Jake explained her hunch about Wittgenstein working at a hospital.
‘Pleased to hear it,’ he said, and then stood up and stretched.
‘Well,’ said Jake, looking at her watch. ‘I think we’ve taken up enough of your time, Doctor Chen. I’m grateful.’ It was probably too late to find anyone still working at the Ministry of Health.
‘No problem,’ he said again. ‘Next time see if you can’t help me to stop smoking.’
Jake and Chung returned to the office they used when they were at the Institute, where Jake called the Ministry. She found herself connected with a picture of an impossibly fit and healthy looking girl in a leotard, and an incongruously brusque male voice on an answering-machine which informed her that the Ministry was closed until nine o’clock the following morning.

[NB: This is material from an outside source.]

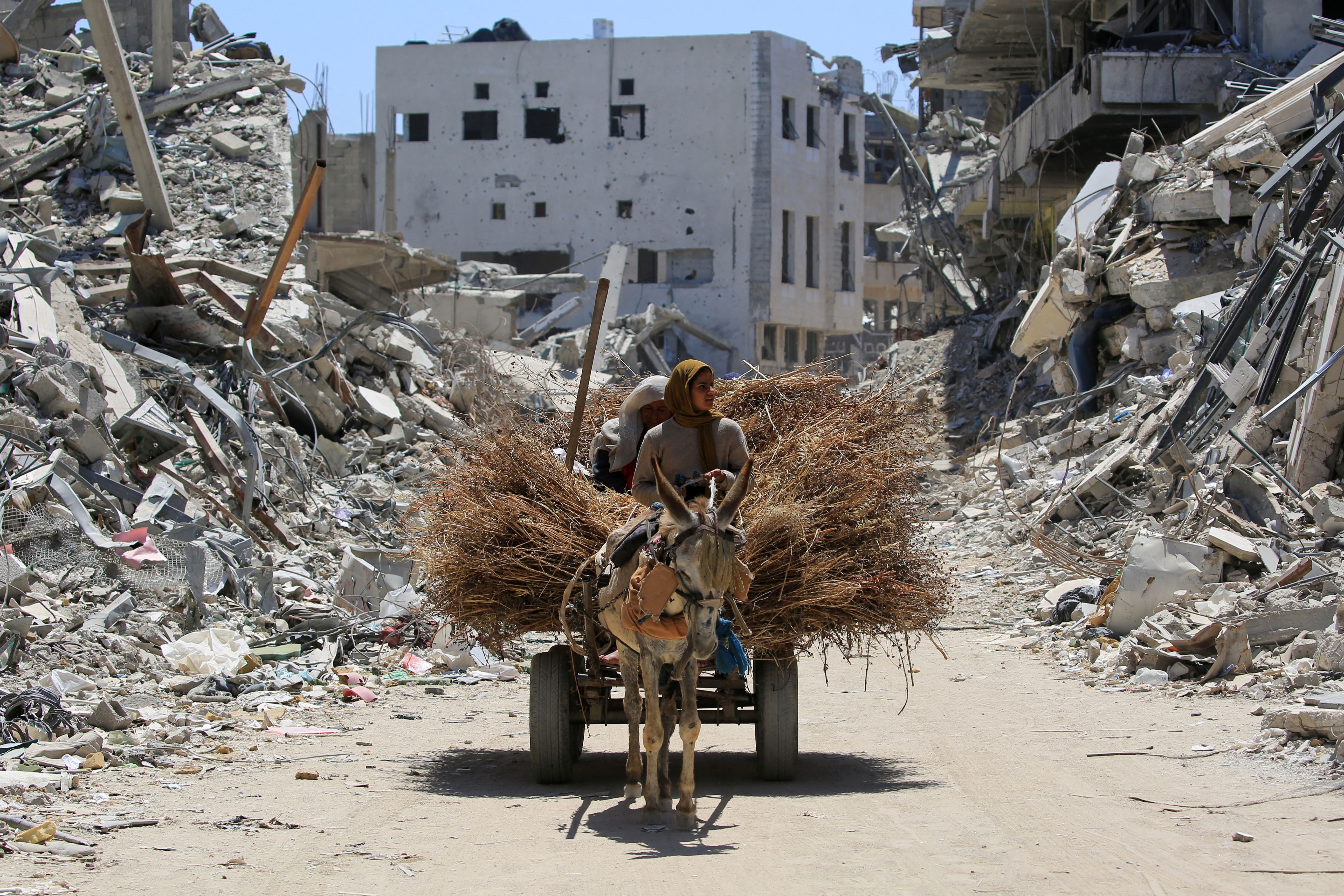 Women transport hay on a donkey-pulled cart along a devastated street in Khan Yunis in the southern Gaza Strip on May 24, 2024, as conflict between Israel and Hamas militants continues. (Photo by Eyad Baba/AFP Photo)

‘Well I guess that’s it until tomorrow,’ said Jake. ‘Thanks a lot for your help, Yat. I really think that was useful.’
‘Don’t mention it,’ he said. ‘Translation makes a nice change from computers.’
They walked back to the Yard.
‘Your train goes from Paddington, doesn’t it?’ said Jake. ‘Can I offer you a lift?’

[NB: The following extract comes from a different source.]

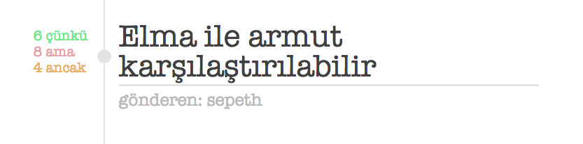 Kullanıcılar önermeleriyle birlikte tartışılabilecek, desteklenebilecek, ispatlanabilecek ya da çürütülebilecek bir argüman öne sürerler ve bunu argümanına ÇÜNKÜ, AMA, ANCAK ve benzeri önerilerle haklılığını/doğruluğunu savunur.

‘Thanks,’ he said. ‘But only on one condition. That you let me take you to the best Chinese restaurant in Soho first. It’s owned by a cousin of mine.’
Jake grinned. ‘All right. It’s a deal. But won’t your wife be waiting for you?’

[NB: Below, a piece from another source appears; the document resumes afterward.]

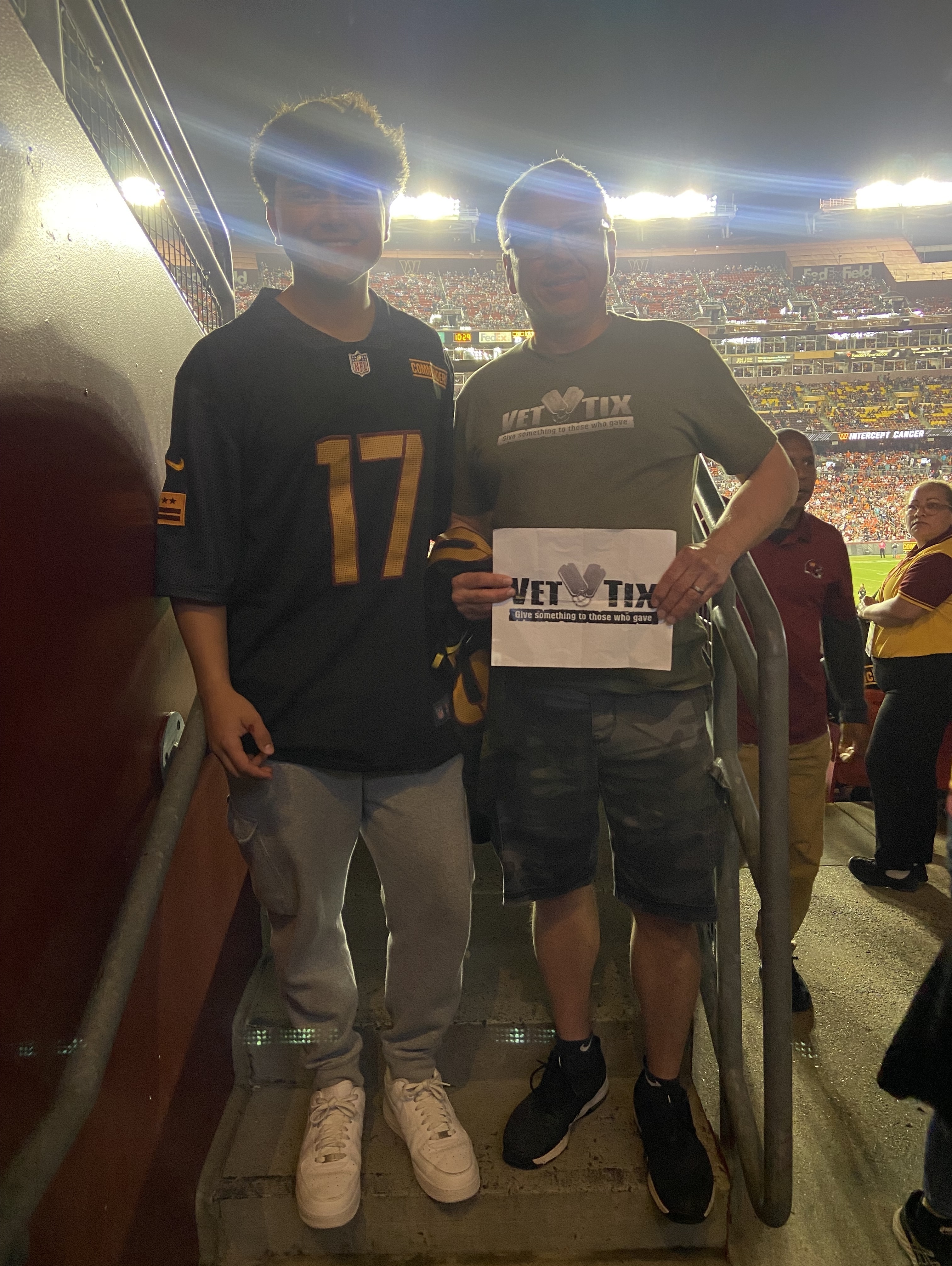 Thank you Veteran Tickets Foundation Purchases for the Commanders tickets. The game did not turn out well but we had a great time. Thank you.

Chung smiled back. ‘Her mother’s staying with us at the moment. She thinks her daughter should not have married a man from Hong Kong.’
‘It’s because she’s narrow-minded,’ Jake offered.
‘No.’ Chung laughed. ‘It’s because she’s never eaten at my cousin’s restaurant.’
My brain hurts. Really, it d
oes.
But is it any wonder? Is it any wonder when there are over 30,000 different kinds of protein swilling around in there? Is it any wonder it hurts when you consider that one gram of brain tissue uses up more energy in keeping you conscious than a gram of muscle uses to lift a barbell? When you consider that your brain consumes about a quarter of all the calories you use in a day?
But before you calorie-conscious people start getting excited and reaching for your philosophy textbooks, let me quickly add that bending your brain to understanding something like Maurice Merleau-Ponty’s The Phenomenology of Perception uses no more calories than having a dump, or picking your nose. Unfortunately for fatties, the fact is most of the calories get used in just keeping the old head-set humming, otherwise G. E. Moore might unwittingly have been responsible for the world’s first Cambridge diet.
Even so it seems to me that my own Gulliver must have been putting in a lot of overtime lately. Sustained thought on the subject of Murder during the last few months must have been using that little bit more energy. Thus the skull-fracturing headache.
The problem is that brain cells are determinedly social. They will insist on speaking to their neighbours - up to 100,000 of them at any one time. And with all the mental sensation that is the inevitable corollary of mass-murder, the electrical firing that’s been going on inside the central coconut must look like the sky above El Alamein.
If only the brain wasn’t such an efficient little bastard - just 2 per cent of body weight, as a matter of fact. In my case that’s about 1.7 kilograms. It will insist on making hundreds of back-up copies of thoughts - even the thoughts one had hoped one had forgotten - storing them in all sorts of different neuronal nooks and cranial crannies. It is like a prudent man going abroad who, having considered the possibility of being robbed, separates his cash and spreads it throughout his luggage and person. This is why when one part of the brain is physically destroyed, for example that part dealing with the recognition of colour, there’s another part of the brain which can manage it just as well.